_customCMPdb_: Integrating Community and Custom Compound Collections

suppressPackageStartupMessages({
  library(customCMPdb); library(ChemmineR)
})

Introduction

This package serves as a query interface for important community collections of small molecules, while also allowing users to include custom compound collections. Both annotation and structure information is provided. The annotation data is stored in an SQLite database, while the structure information is stored in Structure Definition Files (SDF). Both are hosted on Bioconductor's AnnotationHub. A detailed description of the included data types is provided under the Supplemental Material section of this vignette. At the time of writing, the following community databases are included:

In addition to providing access to the above compound collections, the package supports the integration of custom collections of compounds, that will be automatically stored for the user in the same data structure as the preconfigured databases. Both custom collections and those provided by this package can be queried in a uniform manner, and then further analyzed with cheminformatics packages such as ChemmineR, where SDFs are imported into flexible S4 containers [@Cao2008-np].

Installation and Loading

As Bioconductor package customCMPdb can be installed with the BiocManager::install() function.

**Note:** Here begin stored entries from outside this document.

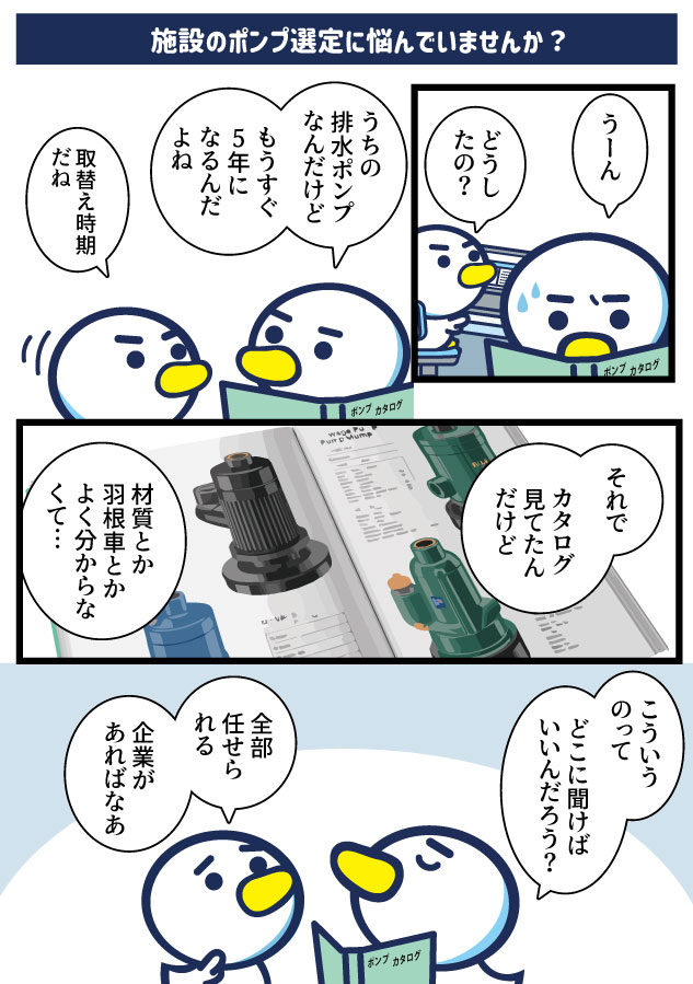 しかし「どの素材や羽根車を選べば、うちの施設の排水に本当に合うのだろう?」と迷ってしまう。
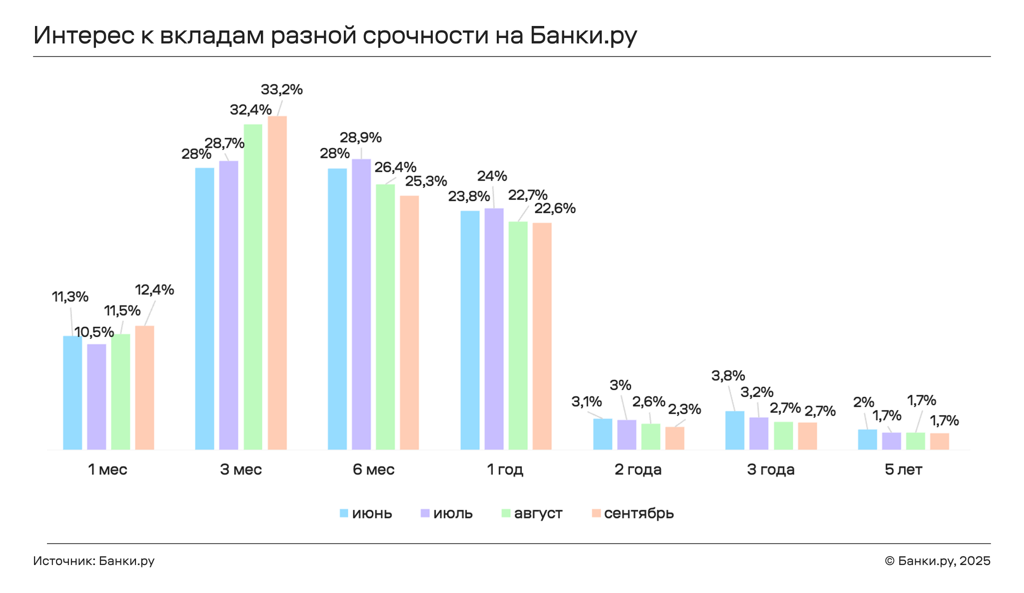 Вклады сроком более года остаются относительно нишевым инструментом: их совокупная доля в спросе не превышает 7 %.
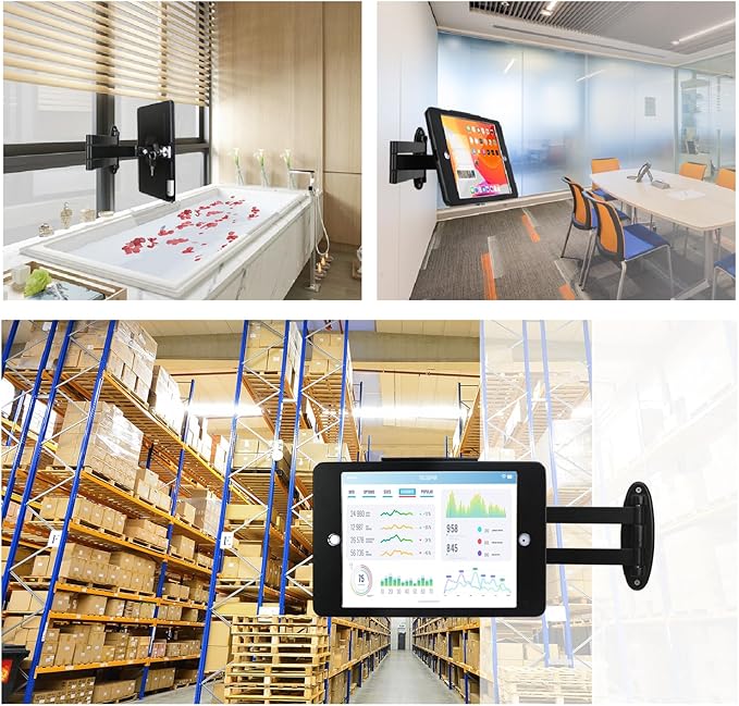 - Easy Mounting and Installation : tablet holder is easy to install on any wall and comes with mounting hardware included. Heavy-duty aluminum bracket and metal base ensure durability and wobble-free mounting of your device. Protective pad on the bracket cushion your device.

if (!requireNamespace("BiocManager", quietly = TRUE))
    install.packages("BiocManager")
BiocManager::install("customCMPdb")

To obtain the most recent updates of the package immediately, one can also install it directly from GitHub as follows.

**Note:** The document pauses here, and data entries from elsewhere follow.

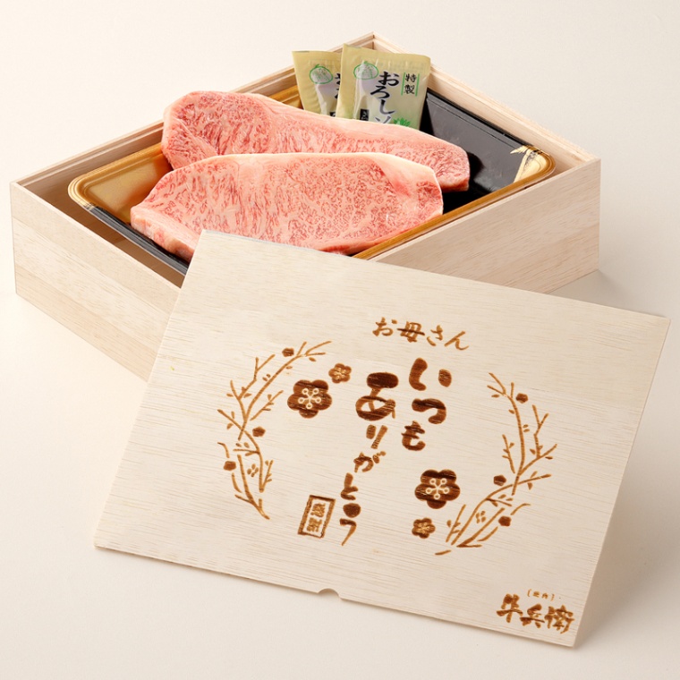 ・高級感溢れる牛兵衛オリジナルの木箱に風呂敷が巻かれて梱包されています。大切な人への贈り物にも、自分へのご褒美にもきっと喜んでもらえる様になっております。
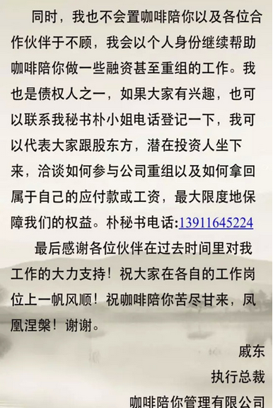 “咖啡陪你”欠2億巨款,執(zhí)行總裁辭職自曝8個月未領(lǐng)薪水
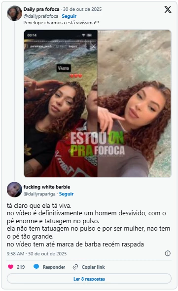 Dois dias após a operação, entretanto, rumores começaram a circular nas redes sociais de que a Japinha do CV estaria viva. No X (antigo Twitter), internautas compartilharam supostas imagens de Penélope e até prints de uma conta no Instagram atribuída a ela, na qual aparecia a mensagem: “Tô bem, mana. Jogaram foto fake dizendo que eu morri”.
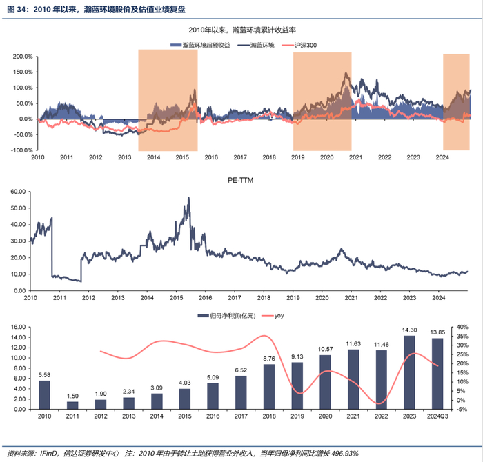 2010-2024年,瀚蓝环境股价涨幅93.6%、相较于沪深300指数超额收益率为82.3%。回顾过去,公司经历了三轮比较大幅的股价上涨,跑赢大盘,我们对其原因进行复盘:
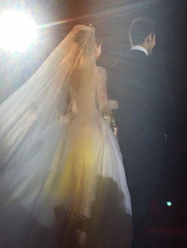 9日凌晨,Angelababy在微博晒出一张婚礼现场手挽黄晓明的背影照,并简单地在微博写道:“感谢大家。”并配上了心形表情。

devtools::install_github("yduan004/customCMPdb", build_vignettes=TRUE)

Next the package needs to be loaded in a user's R session.

library(customCMPdb)
library(help = "customCMPdb")  # Lists package info

Open vignette of this package.

browseVignettes("customCMPdb")  # Opens vignette

Overview

The following introduces how to load and query the different datasets.

DrugAge Annotations

The compound annotation tables are stored in an SQLite database. This data can be loaded into a user's R session as follows (here for drugAgeAnnot).

library(AnnotationHub)
ah <- AnnotationHub()
query(ah, c("customCMPdb", "annot_0.1"))
annot_path <- ah[["AH79563"]]
library(RSQLite)
conn <- dbConnect(SQLite(), annot_path)
dbListTables(conn)
drugAgeAnnot <- dbReadTable(conn, "drugAgeAnnot")
head(drugAgeAnnot)
dbDisconnect(conn)

DrugAge SDF

The corresponding structures for the above DrugAge example can be loaded into an SDFset object as follows.

query(ah, c("customCMPdb", "drugage_build2"))
da_path <- ah[["AH79564"]]
da_sdfset <- ChemmineR::read.SDFset(da_path)

Instructions on how to work with SDFset objects are provided in the ChemmineR vignette here. For instance, one can plot any of the loaded structures with the plot function.

ChemmineR::cid(da_sdfset) <- ChemmineR::sdfid(da_sdfset)
ChemmineR::plot(da_sdfset[1])

DrugBank SDF

The SDF from DrugBank can be loaded into R the same way. The corresponding SDF file was downloaded from here. During the import into R ChemmineR checks the validity of the imported compounds.

query(ah, c("customCMPdb", "drugbank_5.1.5"))
db_path <- ah[["AH79565"]]
db_sdfset <- ChemmineR::read.SDFset(db_path)

CMAP SDF

The import of the SDF of the CMAP02 database works the same way.

query(ah, c("customCMPdb", "cmap02"))
cmap_path <- ah[["AH79566"]]
cmap_sdfset <- ChemmineR::read.SDFset(cmap_path)

LINCS SDF

The same applies to the SDF of the small molecules included in the LINCS database.

query(ah, c("customCMPdb", "lincs_pilot1"))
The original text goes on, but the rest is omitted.